# Data Cleaner for Books.toscrape.com ETL Project
## TTTC3213

**Data Processing Types:**
1. Price Conversion
2. Availability Extraction
3. Missing Value Handling
4. Category Standardization
5. Text Cleaning

## 1. Import Dependencies

In [None]:
import pandas as pd
import numpy as np
import re
import os

## 2. Load Raw Data

In [None]:
raw_data_path = os.path.join(os.getcwd(), '..', 'data', 'raw_books.csv')
raw_data_path = os.path.abspath(raw_data_path)
df_raw = pd.read_csv(raw_data_path)
print(f"Loaded {len(df_raw)} records")
df_raw.head()

## 3. Price Conversion

In [None]:
def clean_price(price_str):
    if pd.isna(price_str):
        return np.nan
    cleaned = re.sub(r'[£$€]', '', str(price_str).strip())
    try:
        return float(cleaned)
    except ValueError:
        return np.nan

## 4. Availability Extraction

In [None]:
def extract_stock_quantity(availability_str):
    if pd.isna(availability_str):
        return 0
    match = re.search(r'\((\d+)\s*available\)', str(availability_str))
    if match:
        return int(match.group(1))
    if 'in stock' in str(availability_str).lower():
        return 1
    return 0

## 5. Missing Value Handling

In [None]:
def handle_missing_descriptions(df):
    missing_count = df['description'].isna().sum()
    print(f"Missing descriptions before: {missing_count}")
    df['description'] = df.apply(
        lambda row: f"No description available for '{row['title']}'." 
        if pd.isna(row['description']) or str(row['description']).strip() == '' 
        else row['description'], axis=1)
    print(f"Missing descriptions after: {df['description'].isna().sum()}")
    return df

## 6. Category Standardization

In [None]:
def standardize_category(category_str):
    if pd.isna(category_str):
        return 'Unknown'
    cleaned = ' '.join(str(category_str).split())
    cleaned = re.sub(r'[^\w\s\-]', '', cleaned)
    cleaned = cleaned.title()
    return cleaned if cleaned else 'Unknown'

## 7. Text Cleaning

In [None]:
def clean_text(text):
    if pd.isna(text):
        return text
    return ' '.join(str(text).split())

## 8. Category Creation Functions

In [None]:
def create_price_category(price):
    if pd.isna(price): return 'Unknown'
    elif price < 20: return 'Budget (Under £20)'
    elif price < 35: return 'Mid-range (£20-£35)'
    elif price < 50: return 'Premium (£35-£50)'
    else: return 'Luxury (Over £50)'

def create_rating_category(rating):
    if pd.isna(rating) or rating == 0: return 'No Rating'
    elif rating <= 2: return 'Low (1-2 stars)'
    elif rating <= 3: return 'Medium (3 stars)'
    else: return 'High (4-5 stars)'

def calculate_value_score(row):
    if pd.isna(row['price_clean']) or row['price_clean'] <= 0: return 0
    if pd.isna(row['rating']) or row['rating'] == 0: return 0
    return round(row['rating'] / (row['price_clean'] / 10), 2)

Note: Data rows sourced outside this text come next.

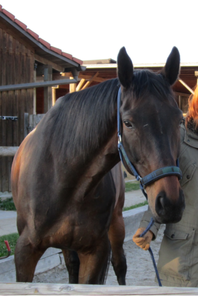 Ausgerechnet die Inhaberin eines Schulbetriebes schenkte ihm eine letzte Chance. Hier wurde er von seiner heutigen Besitzerin entdeckt, die ihm nun in seiner gewohnten Umgebung einen Lebensplatz bietet.
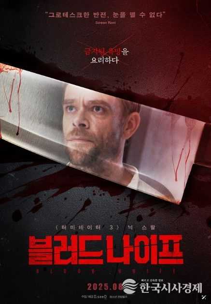 '터미네이터 3' 닉 스탈 주연의 스릴러 영화 '블러드 나이프'가 8월 21일 국내 개봉을 확정하며 충격적인 반전과 잔혹한 서스펜스를 예고하는 메인 포스터와 예고편을 공개했다.
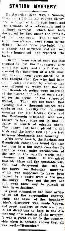 It was feared that the Constable from Moulamein and Mr George Oare had met their fate while searching for missing sheep. The horse from the buggy was located tied to a tree between Moulamein and Noorong. After an extensive search, the two missing men were found in a hut. It was established that the Constable and Oare had found a fire in the buggy on Saturday morning, believed to be caused by a spark from a fire. They extinguished the fire and continued in their search for the sheep. (Trove 2026)
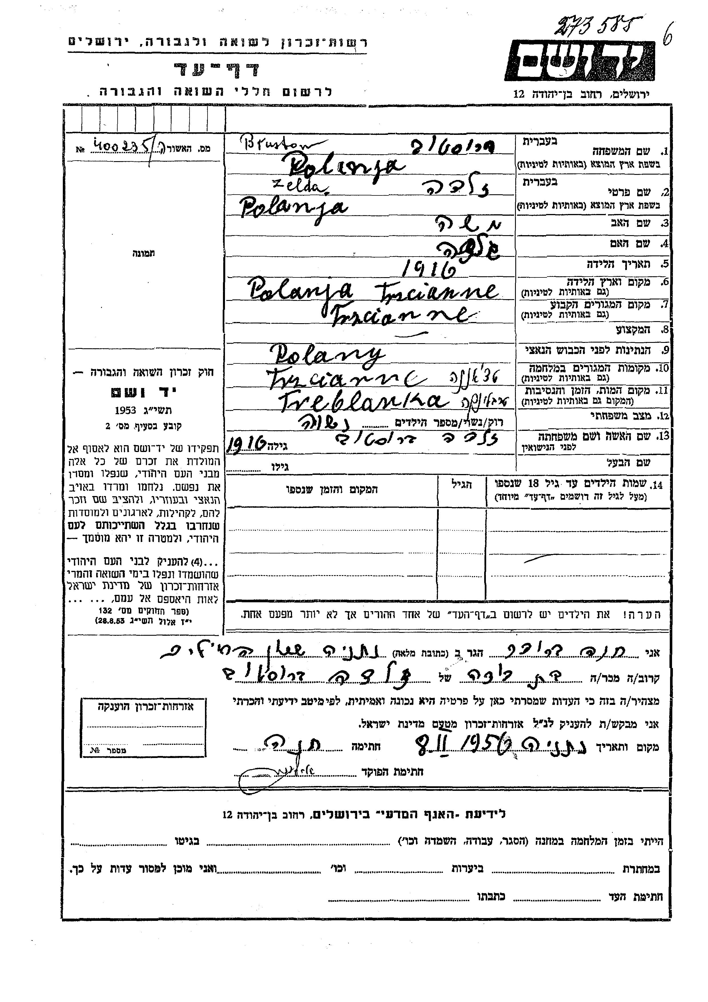 Zelda wurde in der Schoah ermordet. Todesort: Treblinka, Polen.
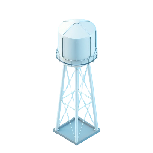 A water tower is a large elevated structure used to store and distribute water supply for municipalities or industrial sites, typically holding hundreds of thousands to millions of gallons.

## 9. Execute Cleaning Pipeline

In [None]:
df_clean = df_raw.copy()

print("[1/5] Processing prices...")
df_clean['price_clean'] = df_clean['price'].apply(clean_price)

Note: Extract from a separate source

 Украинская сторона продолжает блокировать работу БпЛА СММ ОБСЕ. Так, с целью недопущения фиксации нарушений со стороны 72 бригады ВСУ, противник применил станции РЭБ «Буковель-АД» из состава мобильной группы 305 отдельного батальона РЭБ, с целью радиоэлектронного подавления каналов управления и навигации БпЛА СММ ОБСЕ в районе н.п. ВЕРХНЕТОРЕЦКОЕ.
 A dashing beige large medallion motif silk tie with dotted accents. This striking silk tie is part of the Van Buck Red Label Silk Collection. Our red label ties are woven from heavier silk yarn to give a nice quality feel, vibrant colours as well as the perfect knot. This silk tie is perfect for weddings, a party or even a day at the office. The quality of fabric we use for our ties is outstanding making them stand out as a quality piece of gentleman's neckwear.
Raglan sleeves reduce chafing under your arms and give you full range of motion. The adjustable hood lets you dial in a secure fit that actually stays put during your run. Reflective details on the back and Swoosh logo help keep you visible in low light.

print("[2/5] Extracting stock quantities...")
df_clean['stock_quantity'] = df_clean['availability'].apply(extract_stock_quantity)
df_clean['in_stock'] = df_clean['stock_quantity'] > 0

print("[3/5] Handling missing values...")
df_clean = handle_missing_descriptions(df_clean)

print("[4/5] Standardizing categories...")
df_clean['category_clean'] = df_clean['category'].apply(standardize_category)

print("[5/5] Cleaning text fields...")
df_clean['title_clean'] = df_clean['title'].apply(clean_text)
df_clean['description_clean'] = df_clean['description'].apply(clean_text)

print("Creating analytical categories...")
df_clean['price_category'] = df_clean['price_clean'].apply(create_price_category)
df_clean['rating_category'] = df_clean['rating'].apply(create_rating_category)
df_clean['value_score'] = df_clean.apply(calculate_value_score, axis=1)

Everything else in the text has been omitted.